▶ **TASK PROMPT**
In the material below, find the span from the line with "А этот рекорд" to the line with "Bread Toast Pattern" and transcribe only those lines, exactly, ends included, without the pictures.
### DATA BELOW
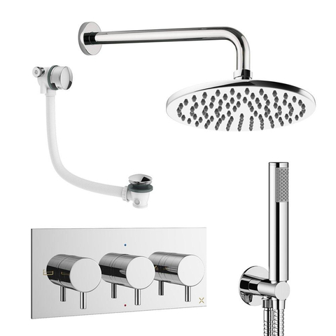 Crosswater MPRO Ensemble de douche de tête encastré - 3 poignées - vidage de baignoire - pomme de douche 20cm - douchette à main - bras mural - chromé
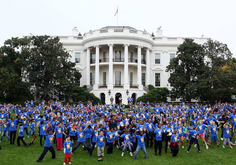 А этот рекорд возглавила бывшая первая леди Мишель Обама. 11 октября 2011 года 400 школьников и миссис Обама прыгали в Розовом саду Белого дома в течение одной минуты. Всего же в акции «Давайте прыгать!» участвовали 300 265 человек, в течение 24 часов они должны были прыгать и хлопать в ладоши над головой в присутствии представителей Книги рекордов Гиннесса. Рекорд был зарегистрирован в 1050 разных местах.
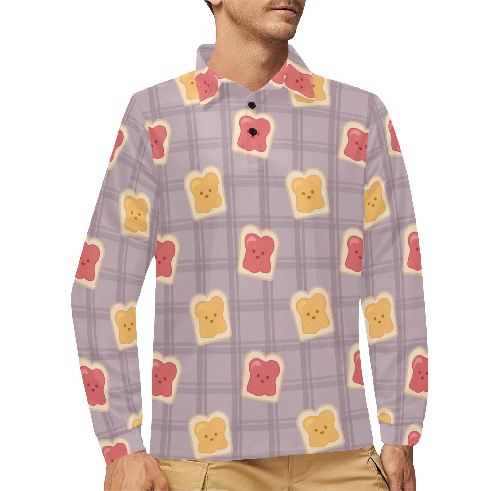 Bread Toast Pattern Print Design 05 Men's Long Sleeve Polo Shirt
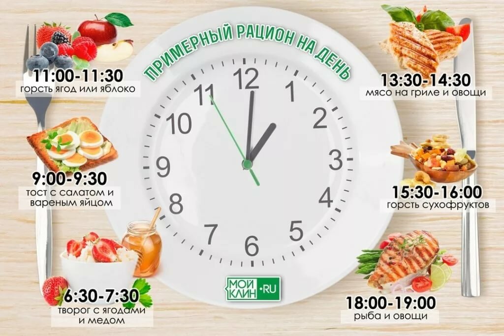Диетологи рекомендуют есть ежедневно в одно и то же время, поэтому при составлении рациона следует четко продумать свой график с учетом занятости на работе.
######
▶ **REPLY TO THE EXERCISE**
 А этот рекорд возглавила бывшая первая леди Мишель Обама. 11 октября 2011 года 400 школьников и миссис Обама прыгали в Розовом саду Белого дома в течение одной минуты. Всего же в акции «Давайте прыгать!» участвовали 300 265 человек, в течение 24 часов они должны были прыгать и хлопать в ладоши над головой в присутствии представителей Книги рекордов Гиннесса. Рекорд был зарегистрирован в 1050 разных местах.
 Bread Toast Pattern Print Design 05 Men's Long Sleeve Polo Shirt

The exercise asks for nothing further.